In 2009, in the midst of an ongoing wave of court-based reality TV shows, Litton Entertainment introduced a show called “Street Court” featuring New York attorney Michael Mazzariello as “Judge Mazz.”  The premise of the show was that, rather than being confined to a studio mimicking the architecture of a courtroom, the streets themselves would be the courtroom.  Justice would come to the site of the alleged dispute and be dispensed on the spot.  “That’s my ruling, that’s it,” Judge Mazz would pronounce, before moving on to the next case or, more likely, a commercial break.  The vistas of the show were quintessential New York — city parks, fire escapes — and the show did well in the New York markets for a time.  But the format seems not to have worked well — it was cancelled after one season.

Why did the format of “Street Court” fail?  What can its failure tell us about perceptions of the courts and the role of court shows?

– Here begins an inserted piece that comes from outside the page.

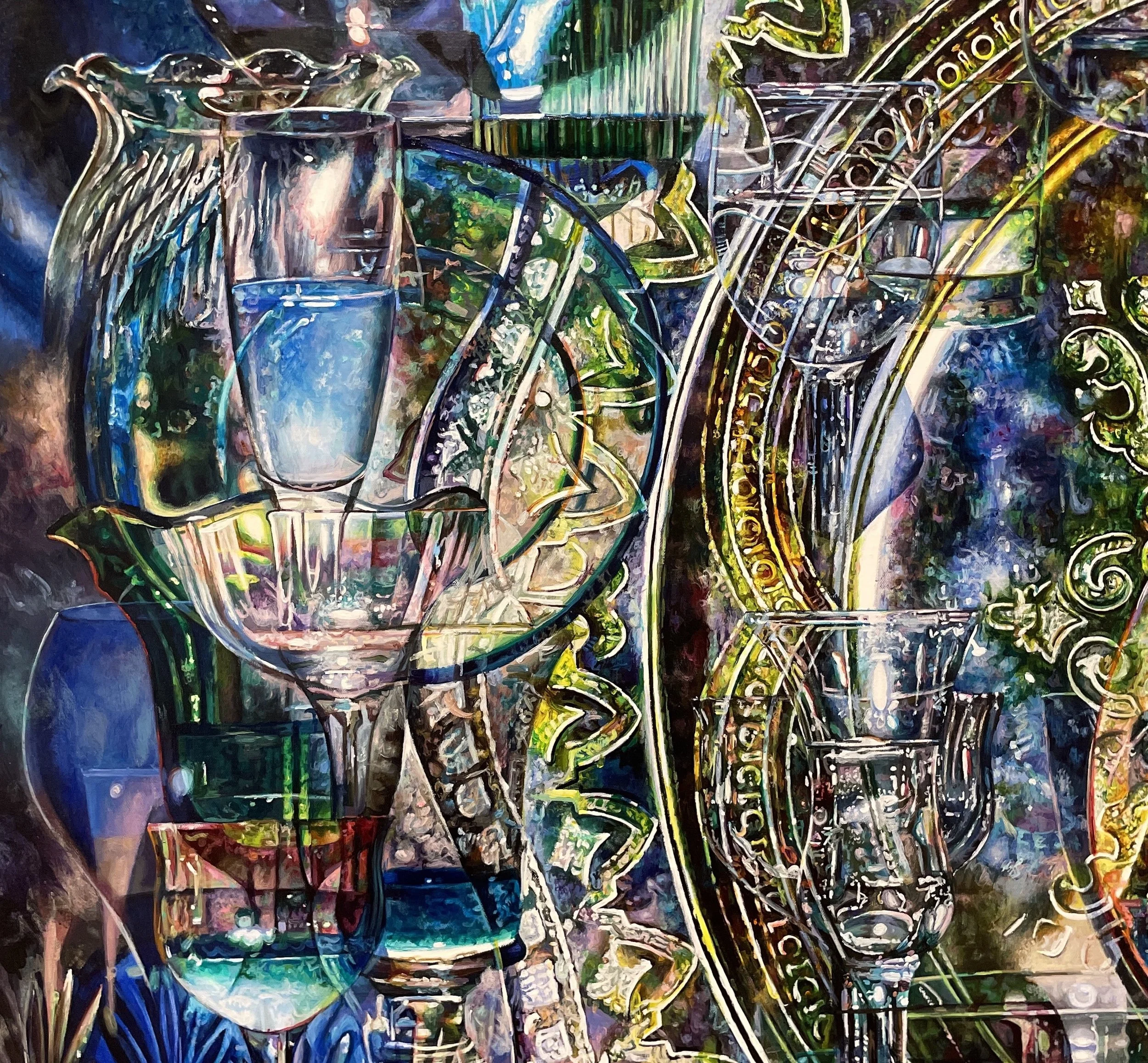 Plate with Wreath (Pond), acrylic on canvas, 80”x84”, 2016

Taking a step back, let us first consider the nature of court shows.  Media scholar Derek Kompare, writing in the edited volume Beyond Prime Time, explains some of the appeal of court shows.  Quoting a television executive, he writes that “[the court show is] a simple, repeatable format.  It has conflict and resolution in a tight package, and if you have a central host that’s compelling and authentic, it all comes together into something that is pretty formulaic that works.”  The appeal of court shows lies in their ability to present an easily understood and simply concluding narrative: two people (and perhaps hangers-on) with a clear, uncomplicated dispute go before a putatively impartial third party, present their cases, some entertaining interrogation on the part of the judge occurs and, ultimately, an authoritative and final resolution is dispensed.

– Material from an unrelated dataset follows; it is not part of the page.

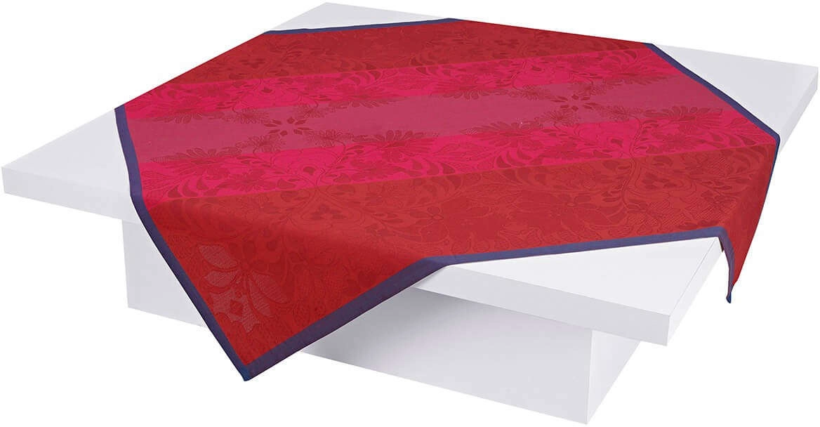 Obrusy i dodatki inspirowane indyjskimi haftami i orientalnym wzornictwem. Wzbogacony o trzy różne sploty i wyszukaną kolorystykę. Kolekcja Bengale Bengali i Tiger nawiązują do jedwabi, sari i rozmaitych, kolorowych i bardzo aromatycznych przypraw. Piękny odcień intensywnej czerwieni i maliny połączony z niebieskim zakończeniem.

This is not inconsistent with theories of why people place faith in courts themselves.  Martin Shapiro’s Courts offers an account of the evolution of courts and judges that has striking similarities to that just offered about court shows.  Shapiro offers what he calls a triadic model of judicial operation.  He explains that this is the basic logic underlying the functioning of all courts.  He writes that “[c]utting quite across cultural lines, it appears that whenever two persons come into a conflict that they cannot themselves solve, one solution appealing to common sense is to call upon a third for assistance in achieving a resolution.”  As courts and the judicial office have evolved, by Shapiro’s account, they have dealt with the fundamental difficulty of two parties appealing to a third through rules and rituals that help to create the appearance of impartiality on behalf of the judge.  Because of this urge to appeal to a third party and subsequent efforts to ensure the independence of the adjudicator (from the interests of the parties, not necessarily from any interests) have resulted in what we now know as the modern office of judge and the modern courtroom.  American courts retain a great deal of legitimacy, despite the wide-spread perception that judges may not act impartially at all.  Indeed, it has been argued that this bifurcated view of the courts as being simultaneously unbiased legal actors and partisan political institutions is part of the way that courts function.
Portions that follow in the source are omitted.